This chicken tortellini soup is perfect for a Sunday soup, an easy meal prep, or a cozy bowl of comfort food. I like to enjoy this with warm bread, crackers, or even croutons and then curl up on the couch with a blanket to enjoy!

Hearty Chicken Tortellini Soup Ingredients
Onions – I prefer white onions for the subtle flavor and leaving them in quarters helps flavor the soup more.
Carrots & Celery – Any chicken soup wouldn’t be complete without carrots and celery.
Celery Leaves – You remove these before eating but they add great, salty flavor!
Butter – Used to sauté the veggies for extra flavor. I suggest using unsalted butter & adding a dash of salt to counteract unsalted butter.
Mushrooms – Mushrooms add great texture to the soup and take on the flavor of this dish too.
Chicken Broth – I DO NOT RECOMMEND (yes, in all caps) use low sodium chicken broth, it’s not as flavorful so I don’t recommend it. Instead I always opt for a regular chicken broth like this Pacific Foods brand.
Chicken – Save yourself time and effort by using a rotisserie chicken. It’s easier to shred and full of flavor! Otherwise you can cook and shred chicken on your own.
Tortellini – Cheese tortellini is such a tasty and fun swap for the traditional noodles! It’s what makes this creamy chicken tortellini soup so special!
Seasoning – A variety of seasoning creates the best flavor, this recipe calls for salt, pepper, allspice, and an Italian seasoning blend.

How to Make Hearty Chicken Tortellini Soup
- Prep the ingredients: peel and chop carrots into coins, dice onions into quarters, and slice mushrooms.
In a dutch oven over medium heat, melt the butter and saute the carrots, onions, and celery.
Add mushrooms and shredded chicken after vegetables are nearing desired tenderness (approx. 8-10 minutes)
Add seasonings and broth. Heat until even.
Let simmer on low for 30-40 minutes.
Separately, prepare the tortellini and add to the soup once cooked.
Serve with warm bread, crackers, or croutons. YUMM, just typing this I can’t exclaim hw good it is!
Chicken Tortellini Soup Notes & Substitutions
This homemade chicken tortellini soup recipe is a fun twist on the classic chicken noodle soup. And while it’s delicious as is, there are also so many easy ways to swap things up .
– Instead of onions swap for scallions or chives to keep the onion flavor but without the big onion texture.
– While carrots and celery are classic chicken soup vegetables, you could always get creative with bell peppers, zucchini, broccoli, or spinach.

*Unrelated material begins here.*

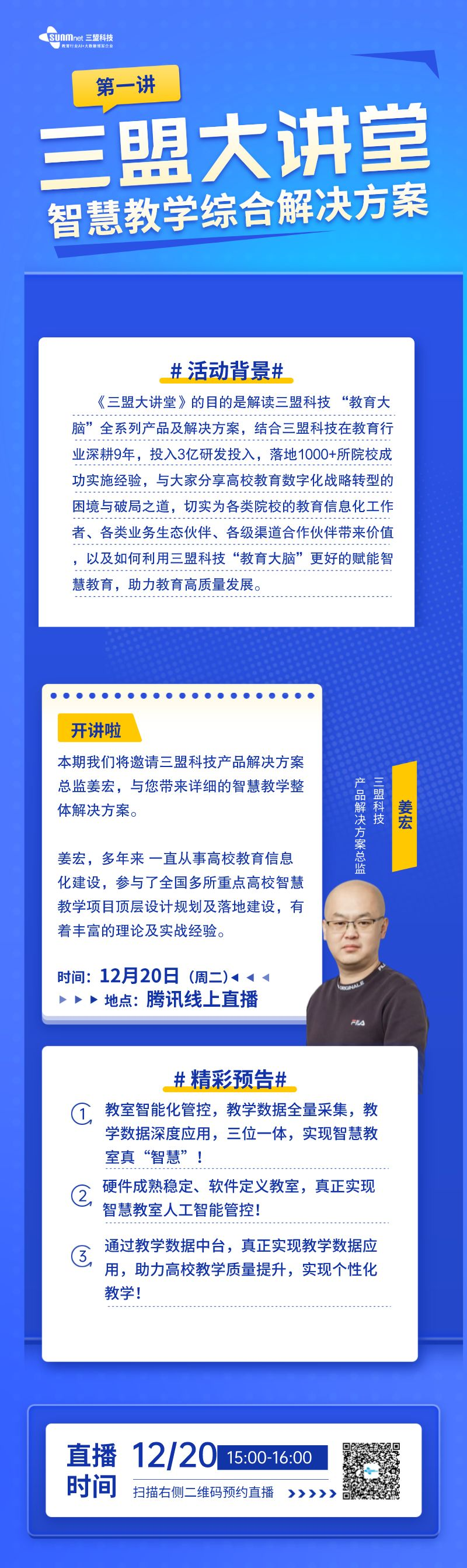 三盟科技傾情打造《三盟大講堂》,助力各類院校與各類合作伙伴在教育數字化轉型的目標、方法、實施等方面達成共識,并給予實戰技巧。首期節目特邀三盟科技產品解決方案總監姜宏線上開講,歡迎各類院校老師、合作伙伴朋友們走進直播間共同學習,為教育數字化戰略轉型助力。
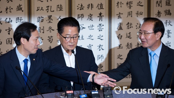 (서울=포커스뉴스) 우상호(왼쪽) 더불어민주당 원내대표와 노회찬(오른쪽) 정의당 원내대표가 3일 오전 서울 여의도 국회에서 열린 원내대표 회동에 참석해 모두발언 순서를 정하고 있다.

– The butter adds extra flavor but you could sub for it with a vegan butter or even an oil like avocado, olive, or sesame.
– I definitely recommend using regular (full sodium) broth but it could be vegetable instead of chicken if that’s all you have.
– Rotisserie chicken is the easiest and most flavorful way to make this creamy chicken tortellini soup. If you use fresh chicken just be sure to cook it with extra seasoning for flavor, keep it moist, and let it cool before shredding.
– To spice things up get creative with different seasonings for this chicken tortellini soup. I’d start with a few of these: garlic salt, turmeric, paprika, ginger, cumin, red pepper flakes, or even some fresh herbs like parsley, basil, or cilantro.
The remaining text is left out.